So as conclusion,setup a system test on your app and measure what you were saying you wanted to measure. Then Stress the system as a whole and see how it reacts, you will be surprised on the outcome.
Finally, Performance test individually any critical components you have identified or would like to keep tracked on your app.
As a general guideline, when doing performance you should always:
1.- Get a baseline for the system on an idle state.
2.- Get a baseline for the system under normal expected load.
3.- Get a baseline for the system under stress conditions.
Keep in mind that Normal load results should be extrapolated to stress conditions, and a nice system will always be that one which scales linearly.
Hope this helps.
P.S. Tests, envirnoment setup and even data collection should be as fully automated as possible, this will help you run this on a basis and spend time diagnosing performance problems and not setting up the test.

As mentioned by others; tools like JMeter (Commercial tools like LoadRunner and more) can help you generate concurrent test load.
Many monitoring tools (some provided within JDK like MissionControl, some other open source/ free tools like java Melody and many commercial one's) can help you do generic monitoring of various system (memory, CPU, network bandwidth) and JVM resources (Heap, CPU, GC overheads etc).
But to really identify bottlenecks within your code as well as other dependencies of your applications (like external services invoked, DB queries/updates etc) in a very quick and easy way; I recommend considering a good APM i.e. Application Performance Monitoring Tools like AppDynamics/ DynaTrace and more. They can help you pinpoint bottlenecks for specific request level, highlight slower parts of apps, generate percentile metrics at individual service end point or component / method level etc. They can be immensely useful , if one is dealing with very high concurrent users and stringent response time NFR's. They help uncover many bottlenecks across the layers of your application. Many even configure these tools in production (expected to cause 2-3% overheads; but worth it per me for the benefits they provide) - as production logging is not at debug level by default; so once some errors or slowness is observed; it's often extremely difficult to reproduce in lower environments or debug in absence of debug level logs from specific past duration.

There's no one tool to tackle this as far as I know. So build you own environment
Load Injecting & Scripting: JMeter, SOAP UI, LoadUI
Scheduling Tests & Automation: Jenkins, Rundeck
Analytics on transaction data, resources, application performance logs: AppDynamics, ElasticSearch, Splunk
Profiling: AppDynamics, YouKit, Java Mission Control, VisualVm

Performance tests

How to make performance tests on Java? Such as time of execution, a track of using memory, a track of operations per second and may be there are another helpful tests. How to realize this tests without an influence to the real application work (without this test)? I mean that I could be confident that my application would be work with the same performance on average without those tests.
Note: I need to attach a specific tool to my test class. I know that there is many different tools to test a huge amount of VM parameters of an application. I need to write a test class with distinct test parameters which values I can handle as I want. It would be good if API supported graphical GUI for some those parameters.

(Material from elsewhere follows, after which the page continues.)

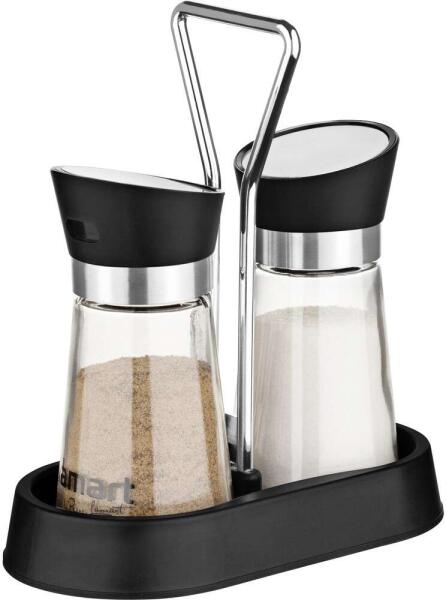 Lamart ízesítős szett: Elegáns só- és borsőrlő dupla készlet Ez a stílusos Lamart ízesítős szett tökéletes választás a modern konyhákba. Két darab elegáns, üveg só- és borsőrlőt tartalmaz, melyek rozsdamentes acél és fekete műanyag elemekkel vannak kombinálva. A praktikus állványnak köszönhetően mindig kéznél lesznek az ízesítőid. ✨ Főbb jellemzők:Elegáns design: A fekete és ezüst színkombinációja modern és letisztult megjelenést kölcsönöz. Két darab 95 ml-es üveg tartály: Bőséges hely a sónak és borsnak. ? Rozsdamentes acél és üveg kombináció: Strapabíró és könnyen tisztítható anyagok. Praktikus állvány: A két tartály kényelmesen tárolható és szállítható. Könnyű használat: A rozsdamentes acél fedél elfordításával könnyen nyitható és zárható a tartály. Használat: A műanyag részeket kézzel mosd el. ? Az üvegtermékekkel bánj óvatosan! ⚠️ Tökéletes választás: Otthoni és éttermi használatra egyaránt alkalmas ez a stílusos és praktikus ízesítős szett. A modern dizájn és a kiváló minőségű anyagok garantálják a hosszú élettartamot.

You can use tools like jconsole, visual vm especially for the memory. These come bundled with the Jdk.
As for the speed of your application, typically log messages can help you with that. If the log messages follow a standard you can pretty much write your own script to give you a pretty formatted result. Also, it is a good idea to write test classes to give you a fair idea of the performance for varying loads.
http://visualvm.java.net/gettingstarted.html

I would recommend jProfile for performance test and jConsole for Monitoring memory usage etc...

I am under the assumption that your servers are hosted on the linux env. Jconsole and Visualvm are indeed helpful to monitor your memory and performance. Just as a work around you can also use sar, top and mpstat commands to get your required values.
You will have to install the sar package on your linux server by command sudo apt-get install sysstat. You can refer "http://www.thegeekstuff.com/2011/03/sar-examples/?utm_source=feedburner" to learn more on the commnads.
You don't need admin access to configure any of these commnds..

Profiling short-lived Java applications

Is there any Java profiler that allows profiling short-lived applications? The profilers I found so far seem to work with applications that keep running until user termination. However, I want to profile applications that work like command-line utilities, it runs and exits immediately. Tools like visualvm or NetBeans Profiler do not even recognize that the application was ran.
I am looking for something similar to Python's cProfile, in that the profiler result is returned when the application exits.

You can profile your application using the JVM builtin HPROF.
It provides two methods:
sampling the active methods on the stack
timing method execution times using injected bytecode (BCI, byte codee injection)
Sampling
This method reveals how often methods were found on top of the stack.
java -agentlib:hprof=cpu=samples,file=profile.txt ...
Timing
This method counts the actual invocations of a method. The instrumenting code has been injected by the JVM beforehand.
java -agentlib:hprof=cpu=times,file=profile.txt ...
Note: this method will slow down the execution time drastically.
For both methods, the default filename is java.hprof.txt if the file= option is not present.
Full help can be obtained using java -agentlib:hprof=help or can be found on Oracles documentation

Sun Java 6 has the java -Xprof switch that'll give you some profiling data.
-Xprof output cpu profiling data

A program running 30 seconds is not shortlived. What you want is a profiler which can start your program instead of you having to attach to a running system. I believe most profilers can do that, but you would most likely like one integrated in an IDE the best. Have a look at Netbeans.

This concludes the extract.